It was hot and humid last Wednesday night at the Sainte-Famille Church in Boucherville. Mind you, I’ve seen worse, but still… The concert held there promised us beautiful moments of music, with top young performers: cellist Cameron Crozman, violinist Chloe Kim, and pianist Meagan Milatz. Crozman and Milatz, I have already told you about them. He and she are excellent. Chloe Kim, I had never heard of her before.
On the program, the two wonderful Piano Trios by Schubert. For the occasion, they were presented to us on period instruments: a 1826 pianoforte (contemporary with Schubert, therefore) and a period violin.

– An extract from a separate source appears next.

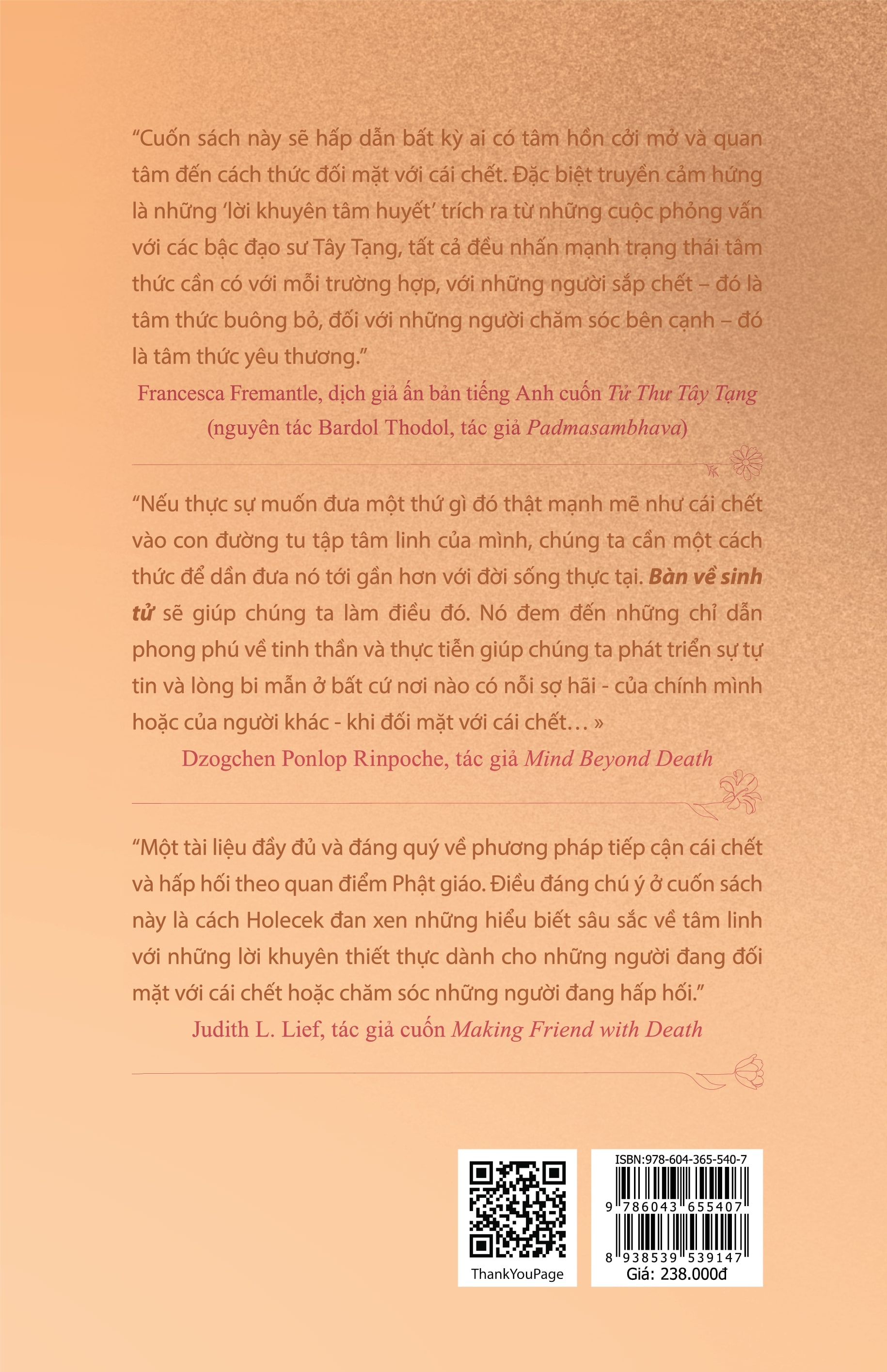 Câu trả lời thật kinh ngạc, nhưng đồng thời cũng khơi gợi trong chúng tôi một loạt những câu hỏi: Làm sao có thể thực chứng được điều này? Làm sao có thể ứng dụng điều này để giúp mình và giúp người hiệu quả nhất? Có những cách nào để giúp mình và giúp người khi chết? Và cách nào là tốt nhất? Những câu hỏi đó đã thôi thúc chúng tôi tiếp tục hành trình tìm kiếm câu trả lời, cuộc hành trình đã đưa chúng tôi tới gặp rất nhiều người thầy, người bạn, và những cuốn sá Trong số những tài liệu mà chúng tôi hiện biết, Bàn Về Sinh Tử là một tác phẩm đặc biệt, một cẩm nang tham khảo tổng thể về các vấn đề liên quan đến việc có một cái chết an lành, và do đó là một cuộc sống an lành, đối với bất cứ ai thực sự quan tâm đến việc khám phá những chiều sâu ý nghĩa của sự sống ẩn tàng nơi những dạng hình đối nghịch như sinh và tử. Bàn về từng vấn đề liên quan đến sinh-tử thì hiện cũng đã có nhiều tác phẩm rất sâu sắc, nhưng bàn một cách tổng thể về các vấn đề liên quan đến sinh-tử như tác phẩm này thì hiện chúng tôi rất ít thấy. Với tính chất như vậy, chúng tôi đã không ngại khả năng còn hạn chế mà cố gắng chuyển dịch tác phẩm này ra tiếng Việt, khởi đầu chỉ như một hoạt động cùng học tập, sau đó nhờ sự hỗ trợ của các anh chị em Công ty TNHH Xuất Bản Thiện Tri Thức mà dịch phẩm này mới được thành hình như dạng thức hiện thời. Xin cảm tạ anh chị em và bày tỏ lòng biết ơn vô tận tới lớp lớp thế hệ các đạo sư, hành giả, học giả đã dâng hiến cuộc đời cho dòng chảy bất tận không ngừng của sự sống! Xin tha thứ cho tất cả những lỗi lầm có thể có của bản dịch! Và nguyện mong tác phẩm này sẽ mang đến điều lợi ích cho tất cả mọi sinh loài!

Only Crozman’s cello remained modern, but with gut strings instead of metal. A more muted sound, then.
You need to understand something about these instruments (and gut strings): they are very delicate little creatures. Much more than their modern descendants. These things go out of tune for nothing, in addition to having less projection power. And when it’s hot and humid, guess what, it’s worse.
Result: the concert ended up resembling a constant struggle for the performers to give depth to their phrases and, above all, to maintain their tonal accuracy. This is less true for the pianoforte, whose mechanics are more resilient, but for the violin and cello, it’s a different story. Not knowing Chloe Kim, I cannot testify to her usual skills in terms of intonation. She is reputed to be excellent, and has played with Rachel Podger, Monica Huggett, Masaaki Suzuki, William Christie and Les Arts Florissants, and others of that calibre. These people cannot be mistaken in their assessment of playing partners.

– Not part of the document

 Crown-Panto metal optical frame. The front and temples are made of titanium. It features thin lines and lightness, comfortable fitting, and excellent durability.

What I can say, only, is that the intonation problems with the violin last night were recurrent. What part of the fault is with the violin and the performer? I refuse to comment. If I compare it to the cello, the latter appeared much less guilty. In truth, almost never. I must say, knowing Cameron, I know he is a musician of exceptional quality. Did he find it easier to compensate for the atmospheric conditions? His strings were gut, but his instrument remains modern, more resilient.

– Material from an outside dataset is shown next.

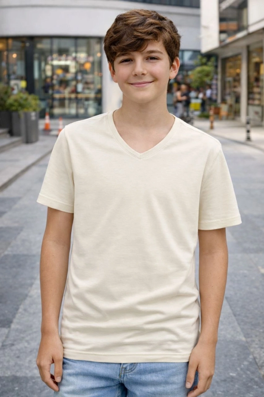 Genç Erkek Çocuk V Yaka Tişört Yazlık Model Günlük Basic Body - Nar Çiçeği

I took a lot of time for this introductory explanation, but I think the context was important, as I guess the musicians present gave their best.
Thus, setting aside the issue of intonation, the three artists demonstrated a very solid ensemble performance, with narrative constructions vibrant with naturalness and conviction. Crozman offered us superb sunny lines in the expositions of the first movements of both trios. He also sang with an enormous emotional force the famous melody of the Andante from Trio No. 2 in E-flat, revisited with delicate and very expressive attention in the final Allegro moderato.
Chloé Kim demonstrated convincing technical skills, expressing herself with great clarity, even though I missed the enveloping brilliance of a modern instrument (I think, for example, of Isabelle Faust, in a magnificent live recording).
That said, it was Megan Milatz who particularly delighted me. Those who have already heard her elsewhere in Montreal (like at a HausMusique concert on the 9th floor of the Eaton Centre, for example) know how remarkably precise her playing is, while maintaining a plastic ease that allows her to make any surgically organised line dance. The young lady was in great form yesterday and gave us precious passages on a particular instrument, an English pianoforte by Broadwood.
Let’s open a parenthesis here about this instrument. At the beginning of the 19th century, there were different makers of fortepianos (ancestors of the modern piano). Each had its own manufacturing style. We mainly distinguish between two models: English and Austro-German. The English (including Broadwood) had a more robust architecture and construction details (strings, types of pads on the hammers, etc.) that still today give these sound machines a rounder, less bright timbre compared to their Germanic cousins.
The use of a Broadwood model was an “interesting” experience, according to Cameron Crozman’s own words in the concert introduction. Especially because it is not the type of instrument that Schubert would have used.
The experience was indeed interesting, and I can hardly imagine any artist who could have done as well as Meagan Milatz in bringing colours and expressiveness to this music, which usually resonates in a more radiant way with an Austro-German period instrument or a completely modern one. The instrument itself, a property of local patron Jacques Marchand, is clearly very good.
That said, I’m not convinced that I want to hear this music again with this kind of sound model. The “mist” surrounding the pianistic discourse (Meagan Milatz’s own expression) ultimately creates a void. One expects a more affirmative presence of the instrument in the complex and elaborate narrative constructed by Schubert. It is not there. The instrument fades away too easily.
Conclusion: I left thinking that I really wanted to hear these artists play the same program either in a better controlled and temperate environment, on modern instruments, or both.